Cousera's potential for scale is driven by a commercial business model, but even in the case of non-profit MOOCs, the need to work on a global scale profoundly affects the autonomy of teachers to design courses according to their own training guidelines.

For example, edX is the largest non-profit MOOC company. Unlike Coursera, edX initially resisted the push from venture capitalists to scale out and make quick profits, which allowed it to focus on experimenting and collaborating with educators to develop a sustainable online environment.

Yet he demonstrated in his ethnographic study of edX practices, within a few years, the "architects of edX" have increased pressure to increase platform scalability and global standardization.

Meanwhile, the educators and college administrations involved have seen a progressive decline in their "ability to set the agenda and steer the course of software").

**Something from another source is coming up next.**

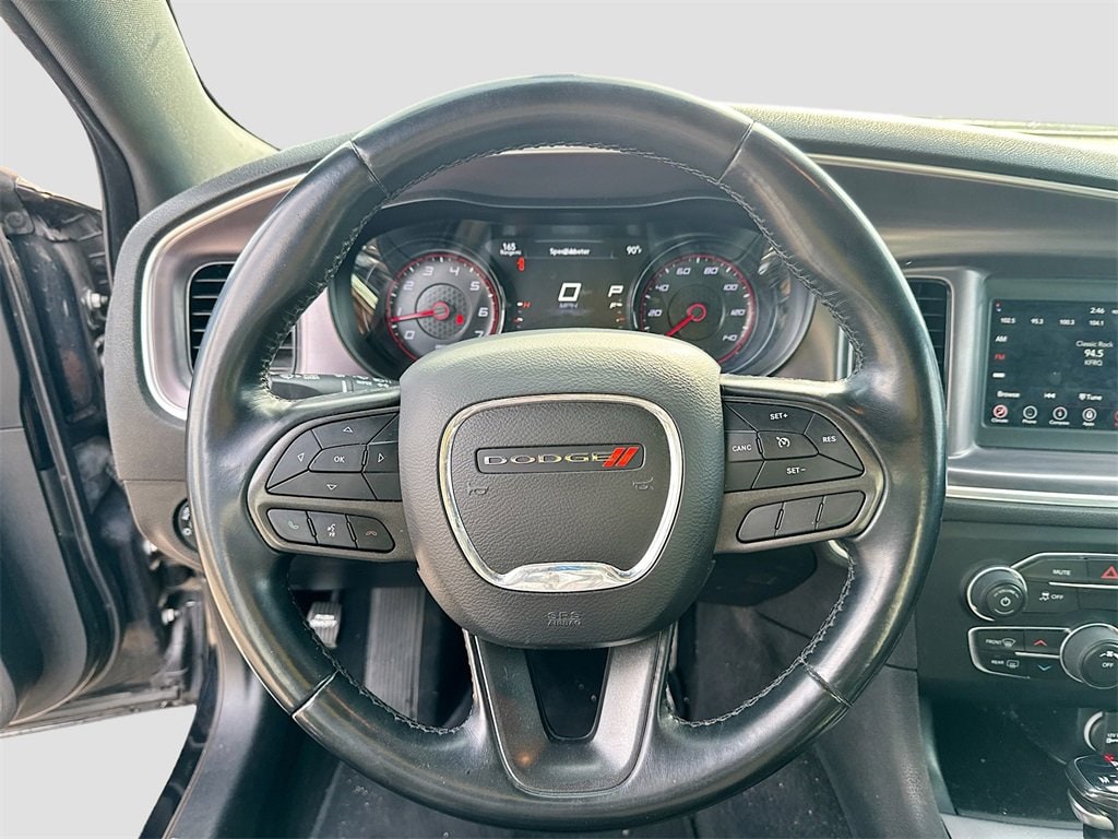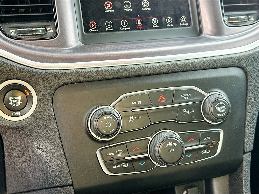 Black Cloth, 4-Wheel Disc Brakes, 6 Speakers, ABS brakes, Air Conditioning, Alloy wheels, AM/FM radio: SiriusXM, Anti-whiplash front head restraints, Apple CarPlay/Android Auto, Black 1-Piece Performance Spoiler, Blacktop Package (Fleet) (DISC), Brake assist, Bumpers: body-color, Cloth Sport Seat, Compass, Delay-off headlights, Dodge Grille Badge, Driver door bin, Driver vanity mirror, Dual front impact airbags, Dual front side impact airbags, Electronic Stability Control, Four wheel independent suspension, Front anti-roll bar, Front Bucket Seats, Front Center Armrest, Front dual zone A/C, Front License Plate Bracket, Front reading lights, Fully automatic headlights, Gloss Black Fascia Applique, Gloss Black I/P Cluster Trim Rings, Illuminated entry, Knee airbag, Leather Shift Knob, Low tire pressure warning, Occupant sensing airbag, Outside temperature display, Overhead airbag, Overhead console, Panic alarm, ParkView Rear Back-Up Camera, Passenger door bin, Passenger vanity mirror, Power door mirrors, Power driver seat, Power steering, Power windows, Quick Order Package 2EG, Radio: Uconnect 4 w/7 Display, Rear anti-roll bar, Rear Armrest w/Cupholder Seat, Rear reading lights, Rear seat center armrest, Rear window defroster, Remote keyless entry, Satin Black Charger Decklid Badge, Satin Black Dodge Tail Lamp Badge, Speed control, Speed-Sensitive Wipers, Split folding rear seat, Steering wheel mounted audio controls, Tachometer, Telescoping steering wheel, Tilt steering wheel, Traction control, Trip computer, Variably intermittent wipers, Wheels: 17 x 7.0 Painted Cast Aluminum, Black Cloth. Recent Arrival!

edX system architects admit they struggle with the dual needs of satisfying their customers and addressing the demands of the wider community (eg, the open source community and researchers).

The issue of accountability

Finally, the third public value under discussion is accountability: the role of independent accreditation and certification institutions in protecting the value of educational credits and qualifications.

To a large extent, the regulation of quality standards in education is still managed by national agencies and, especially in Europe, by government institutions subject to democratic control.

Platformisation, in a connected world, could lead to the privatization of certification and accreditation systems.

Coursera is in some ways interested in setting international standards for credits and exams; just as Facebook intends to offer a standard for identity verification, Coursera aims to conquer the gatekeeping position in the accreditation and certification sector.

Since Coursera operates on a global scale while many accreditation schemes are still governed by national or supranational (European) agencies, there is a potentially profitable market.

Uber and Airbnb have proven they can destabilize entire industries by fighting regulatory conflicts at the national or local level; by setting up its own accreditation system, Coursera could easily circumvent the current legislation and consequently compromise the governance of the public sector.